Explain the physiology of the renin-angiotensin-aldosterone system (RAAS) and its role in blood pressure regulation, cardiac remodelling, and renal function.
Classify RAAS modulators by site of action and describe the pharmacokinetics, pharmacodynamics, therapeutic uses, and adverse drug reactions of each class.
Identify the key contraindications of ACEi and ARBs (pregnancy, bilateral renal artery stenosis) and distinguish their ADR profiles.
Select the appropriate RAAS modulator for given clinical scenarios including heart failure, hypertension with diabetes, and CKD.

INSTRUCTIONS

The renin-angiotensin-aldosterone system is one of the most therapeutically targeted pathways in cardiovascular medicine. ACE inhibitors and ARBs are prescribed in tens of millions of patients worldwide for hypertension, heart failure, chronic kidney disease, and post-myocardial infarction remodelling. More recently, the ARNI (sacubitril/valsartan) has transformed heart failure outcomes. Understanding the full RAAS cascade — not just the drugs but their specific interaction points — allows you to reason through drug interactions, contraindications, and monitoring requirements rather than memorising disconnected facts.

References

Tripathi KD. Essentials of Medical Pharmacology, 9th ed., Ch. 39 (Renin-Angiotensin System and Drugs) (textbook)
Goodman & Gilman's The Pharmacological Basis of Therapeutics, 14th ed., Ch. 26 (textbook)

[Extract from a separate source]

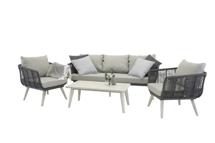 Skapa ett inbjudande blickfång med en charmig soffgrupp från serien Rives! Soffgruppen har en modern, stilren design som kommer passa perfekt till din uteplats i sommar. Den består av en hörnsoffa med rygg i svart rep och ben i antikvit akacia inklusive tjocka mjuka ljusgrå dynor. I soffgruppen ingår också ett lågt soffbord i matchande, antikvit akacia som skapar en snygg helhet! Välkomnas hem till en mysig soffgrupp och låt tiden här bli sommarens höjdpunkter!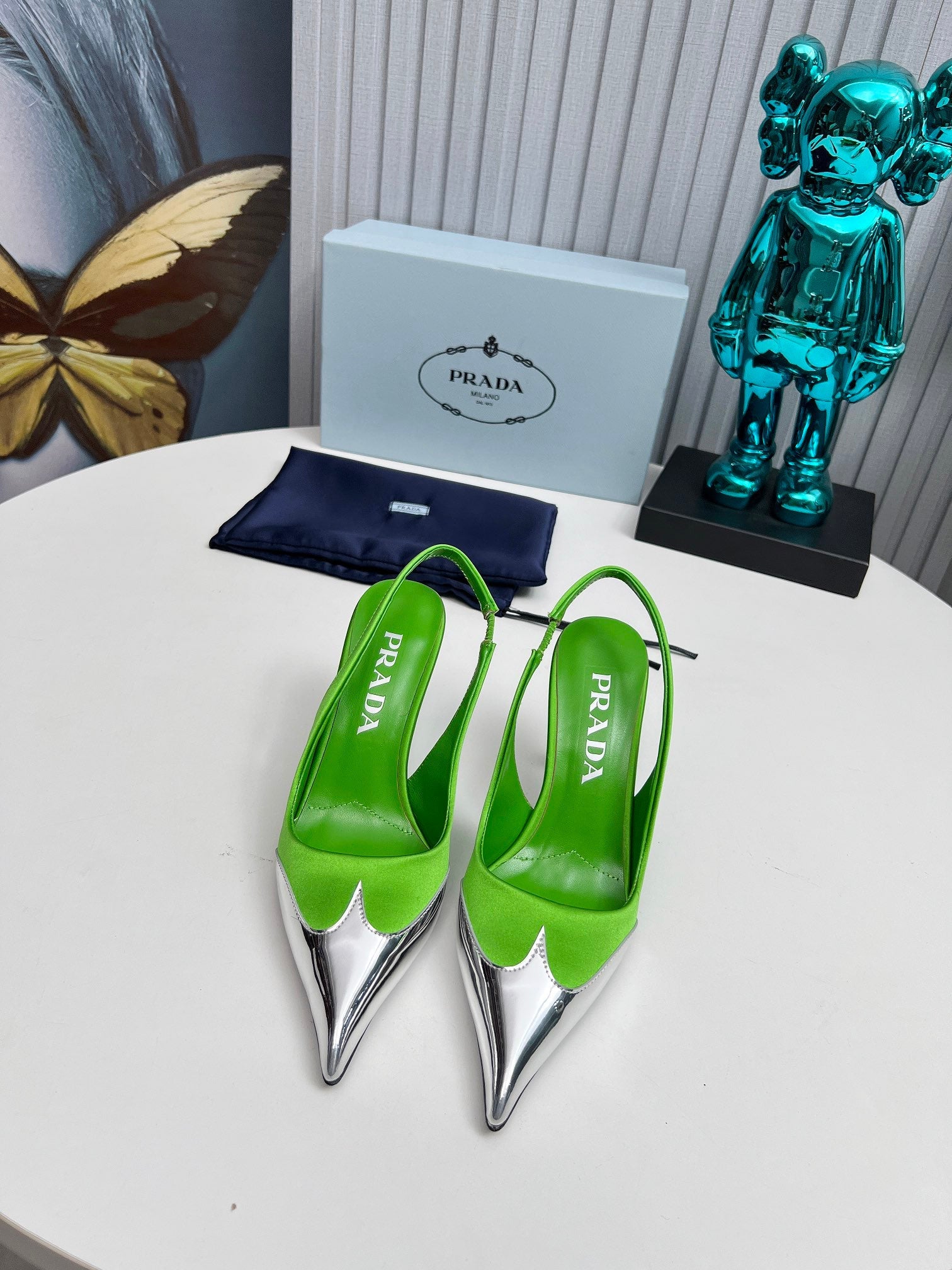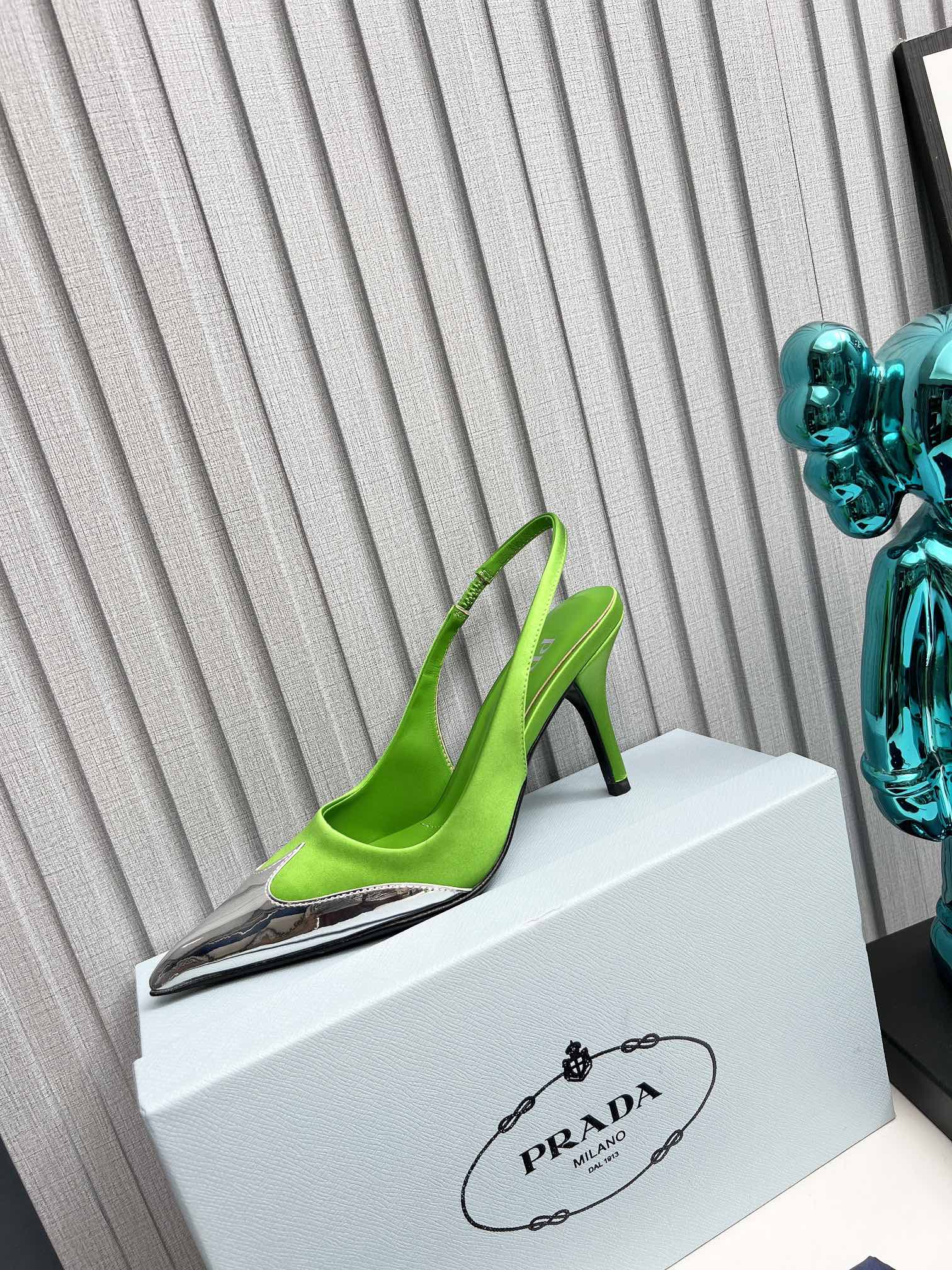 HIGH SLING BACK PUMPS IN SILVER MIX LIME GREEN SATIN

Version 2.0 | NMC CBUC 2024

CLINICAL SCENARIO

A 58-year-old man with type 2 diabetes and hypertension is found on a routine urine examination to have microalbuminuria (urine albumin:creatinine ratio 55 mg/g). His serum creatinine is 1.4 mg/dL (eGFR ~52 mL/min/1.73m²). Blood pressure is 148/88 mmHg despite lifestyle modification. He asks you: 'My father had kidney failure from his diabetes. Can we prevent that happening to me?' You prescribe ramipril 5 mg daily. Three weeks later he calls complaining of a persistent dry cough. He wants to stop the medicine. How do you explain why the cough occurs, and what is your alternative prescribing strategy to still protect his kidneys?

WHY THIS MATTERS

ACE inhibitors and ARBs are among the most prescribed drug classes in all of medicine. In India alone, tens of millions of patients with hypertension, diabetes, and heart failure take them daily. They are the only drugs with both antihypertensive and nephroprotective properties — making them uniquely positioned in diabetic nephropathy. The newer ARNI (sacubitril/valsartan) is now first-line for HFrEF after the PARADIGM-HF trial showed it outperforms ACEi. Understanding the cascade these drugs target — why ACEi cause cough and ARBs don't, why both are dangerous in pregnancy, why the ARNI requires a washout period — equips you to prescribe these agents safely and explain them convincingly to patients.

RECALL

Recall from physiology (PY) the RAAS regulatory loop:

Renin release from juxtaglomerular (JG) cells of the afferent arteriole is triggered by: low renal perfusion pressure, low tubular sodium (sensed at macula densa), and sympathetic nervous system activation (β1 receptors on JG cells → renin release).

Cascade: Renin cleaves angiotensinogen (a glycoprotein synthesised in the liver) → angiotensin I (Ang I, a decapeptide) → ACE (found mainly in pulmonary vascular endothelium) converts Ang I → angiotensin II (Ang II, an octapeptide) — the primary effector of the RAAS.

Ang II effects via AT1 receptor: vasoconstriction (direct), aldosterone secretion (→ Na retention, K loss), sympathetic facilitation, cardiac and vascular remodelling (hypertrophy, fibrosis), renal efferent arteriolar vasoconstriction (maintains GFR but increases glomerular pressure).

AT2 receptor (less well understood): vasodilation, anti-proliferative, anti-fibrotic — generally beneficial, opposing AT1 effects.

Bradykinin: ACE is also a kininase — it degrades bradykinin to inactive fragments. ACEi block this → bradykinin accumulates.

RAAS Physiology: Cascade, Effectors, and Feedback

The renin-angiotensin-aldosterone system (RAAS) is a hormonal cascade that serves as the body's primary long-term regulator of blood pressure, extracellular fluid volume, and electrolyte homeostasis. Its pathological activation — chronic, inappropriately elevated RAAS activity — drives hypertension, accelerates cardiac remodelling, and mediates progressive kidney damage in diabetic nephropathy and chronic kidney disease. This makes the RAAS cascade one of the most productive therapeutic targets in medicine.

The cascade begins with renin, a protease secreted by juxtaglomerular cells of the afferent arteriole in response to reduced renal perfusion pressure, reduced sodium delivery to the macula densa, or β1-adrenoceptor stimulation. Renin cleaves the plasma glycoprotein angiotensinogen (produced by the liver, constitutively high) to produce the decapeptide angiotensin I (Ang I), which is biologically inactive. Angiotensin-converting enzyme (ACE), a carboxypeptidase concentrated on pulmonary and renal vascular endothelium, cleaves two amino acids from Ang I to produce angiotensin II (Ang II) — the primary active effector.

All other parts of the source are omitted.